Streit um Krebsgene Darf es Patente auf menschliche Gene geben?

Bei manchen Krebstests werden Gene aus ihrer Umgebung isoliert und untersucht. Das oberste US-Gericht muss klären, ob diese Erbgut-Sequenzen als Erfindung gelten können.

Von Katrin Blawat

Darf es Patente auf menschliche Gene geben? Sind Erbanlagen Erfindungen, sobald sie aus dem Körper isoliert werden? Das oberste Gericht der USA hat am Montag 65 Minuten lang nach einer Antwort auf diese Frage gesucht. Dabei zeigten die neun Richter Skepsis gegenüber den Argumenten der Genpatent-Befürworter, wie dem Protokoll der Verhandlung zu entnehmen ist.

Vor dem Supreme Court ging es um die beiden Gene BRCA1 und BRCA2. Mutationen in diesen Erbanlagen steigern das Risiko für Brust- und weitere Krebsarten. Manche Frauen möchten daher wissen, ob sie die gefährlichen Gen-Veränderungen in sich tragen. Labortests können das zeigen. Dafür muss man die fragliche DNA-Sequenz aus dem Körper der Frau gewinnen, also aus ihrer natürlichen Struktur im Erbgut herauslösen. Für diese isolierte Form der beiden Gene besitzt die amerikanische Firma Myriad Genetics Patente. Zugleich bedeutet dies, dass sie auch ein Monopol auf den Gentest hat.
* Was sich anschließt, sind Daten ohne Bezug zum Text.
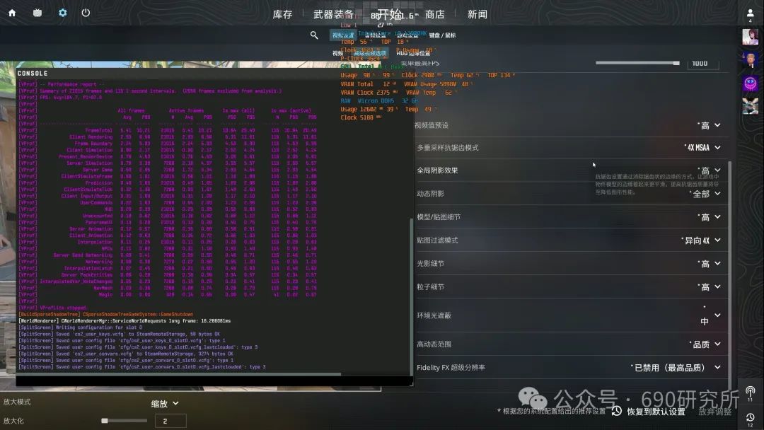 CS2 高畫質預設 2K分辨率下,13900HK+B580的平均幀爲194.7,low幀爲97.9,壓力略大,還是需要降低些畫質,不過話說也沒什麼玩家會高畫質預設下跑CS2。
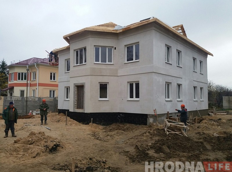 Працы на будове вядуцца штодня ў паскораным рэжыме. Галоўная задача рабочых – паспець здаць дом да канца года. У будынку будзе жыць вялікая гродзенская сям’я з прыёмнымі дзецьмі.
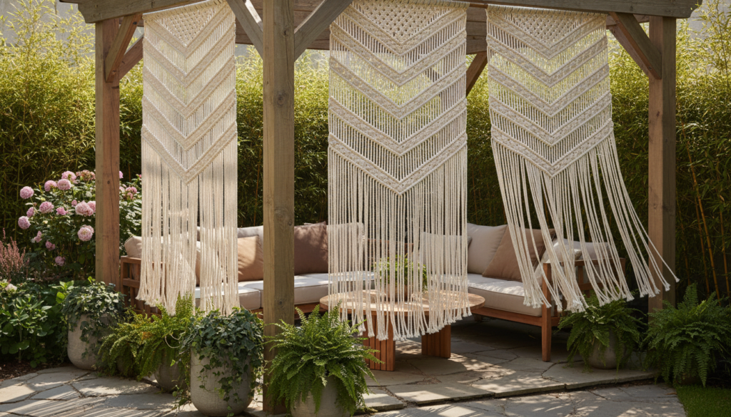 Delicate and artistic, macrame hanging screens offer a soft, decorative privacy solution, particularly for smaller spaces like balconies or patios. The intricate knot work adds a bohemian touch and a sense of lightness. The mood is whimsical and cozy, often in natural off-white or earthy tones.
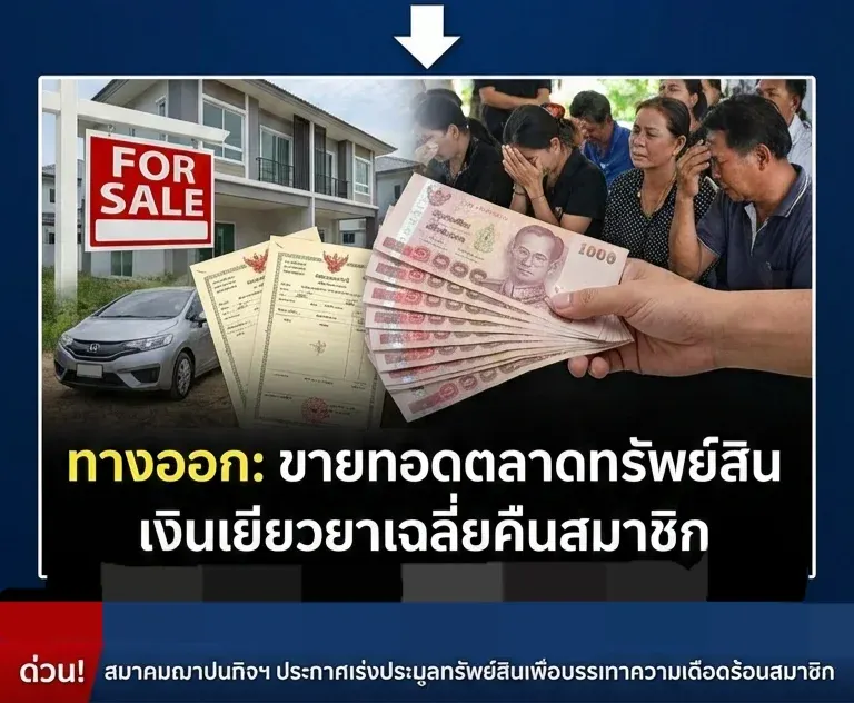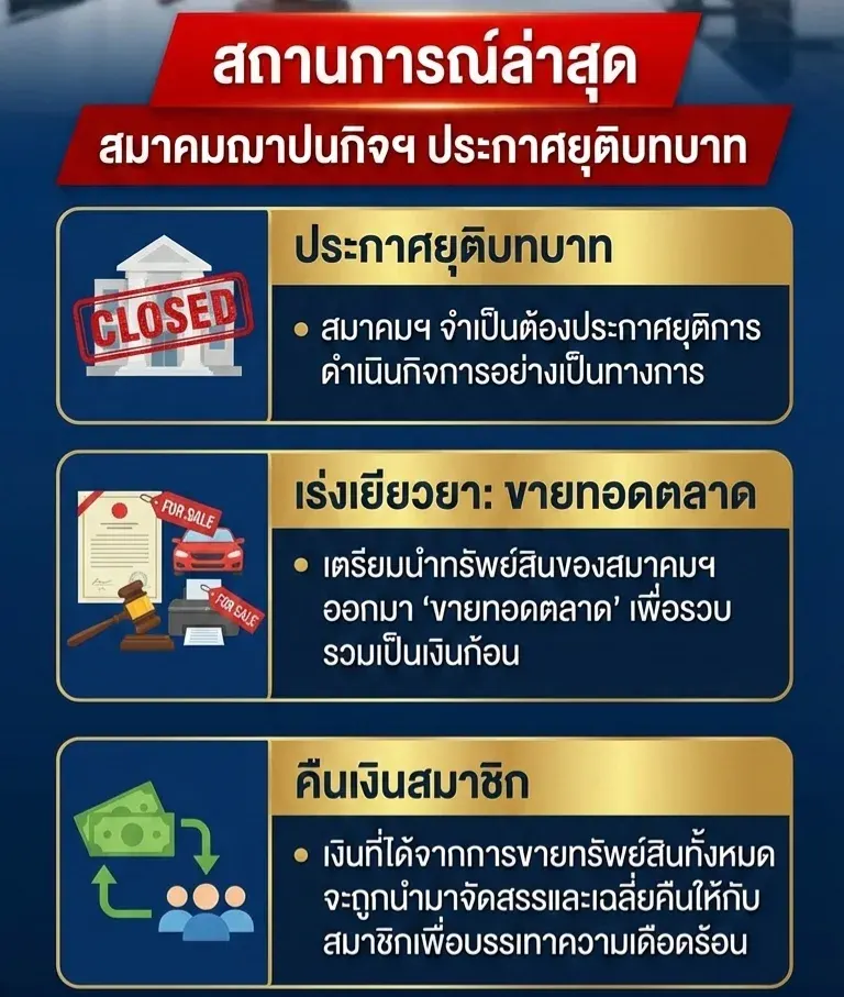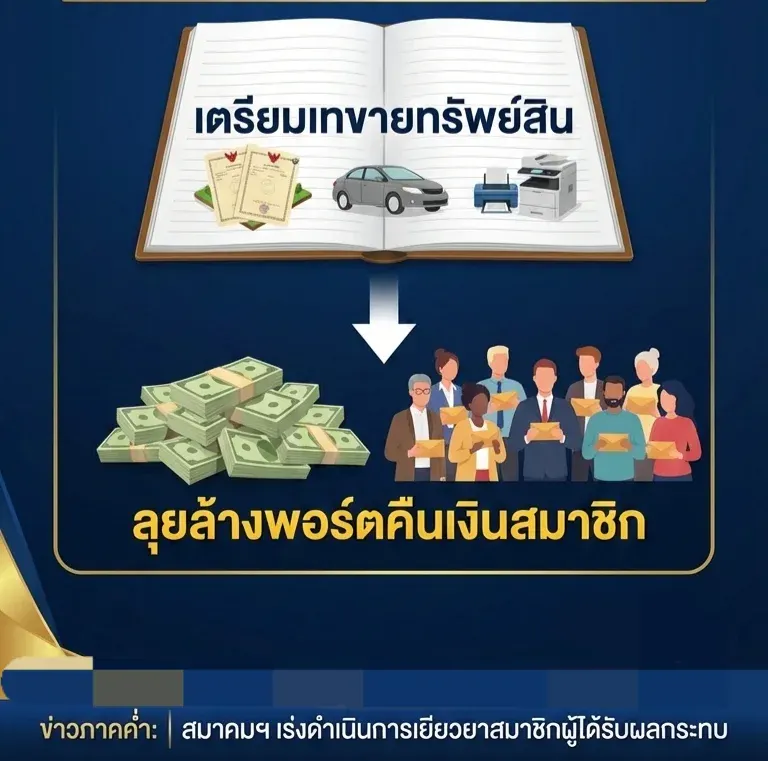 เร่งเยียวยา เตรียมนำทรัพย์สินของสมาคมฯ ออกมา "ขายทอดตลาด" เพื่อรวบรวมเป็นเงินก้อนคืนเงินสมาชิก เงินที่ได้จากการขายทรัพย์สินทั้งหมด จะถูกนำมาจัดสรรและเฉลี่ยคืนให้กับสมาชิกเพื่อบรรเทาความเดือดร้อน

Die Grundfrage in dem Rechtsstreit lautet nun: Stellt ein isoliertes Gen bereits eine technische Erfindung dar, die mit einem Patent geschützt werden kann? Oder handelt es sich bei einer Erbgut-Sequenz im Labor nach wie vor um eine Erfindung der Natur? So sehen es unter anderem die Kläger, die Association for Molecular Pathology, sowie die American Civil Liberties Union (ACLU). Folgt man ihrem Standpunkt, können die Gene nicht patentiert werden.

Was genau hat die Firma erfunden?

"Was genau hat Myriad erfunden?" fragte Christopher Hansen als Vertreter der ACLU zu Beginn der Verhandlung. "Die Antwort ist: nichts. Myriad hat das Geheimnis zweier menschlicher Erbanlagen gelüftet. Aber die Gene selbst, wo sie beginnen, wo sie enden und was passiert, wenn sie mutieren - all diese Entscheidungen wurden von der Natur getroffen, nicht von Myriad."

Myriads Vertreter Gregory Castanias hingegen betonte, die Gene zu isolieren erfordere menschliche Erfindungsgabe. Dies ist eine Voraussetzung, damit ein Patent erteilt werden kann. Castanias sagte, die Gene zu isolieren sei komplizierter, als sie einfach nur "auszuschneiden". Daher seien die Patente angemessen.

Der Streit tobt bereits seit vier Jahren. Die Entscheidung des Supreme Court wird nun für Ende Juni erwartet. Den kritischen Fragen der Richter am Montag nach zu urteilen, ist es denkbar, dass sie die Patente auf die isolierten Gene als unrechtmäßig einstufen. Andererseits zeigten die Richter Verständnis für Myriads Argument, wonach sich Investitionen, etwa in die Entdeckung von Krebsgenen, für Firmen finanziell lohnen müssen.

Welche Bedeutung das Urteil des Supreme Court hat, ob es sich auch auf andere Bereiche der Biotechnologie und Medizin auswirken wird, hängt von seiner genauen Formulierung ab. Für Myriad könnten die direkten Folgen eher gering ausfallen: Die umstrittenen Patente laufen in den kommenden Jahren ohnehin aus.

Viele Ärzte, Forscher und Patientenvertreter fürchten vor allem, Patente wie die von Myriad könnten Betroffenen den Zugang zu den Gentests erschweren. Außerdem würden Labore davon abgehalten, die Tests weiter zu entwickeln und zu verbessern.

Ob Patente wie die von Myriad dem medizinischen Fortschritt und einzelnen Patienten wirklich schaden, ist Studien zufolge jedoch noch unklar. Laut Forschern wie Timothy Caulfield von der University of Alberta würden sowohl Schaden als auch Nutzen von Patenten auf menschliche Gene häufig überbewertet. Das schreibt er und sein Team in einem aktuellen Beitrag im Fachmagazin Genome Medicine (online).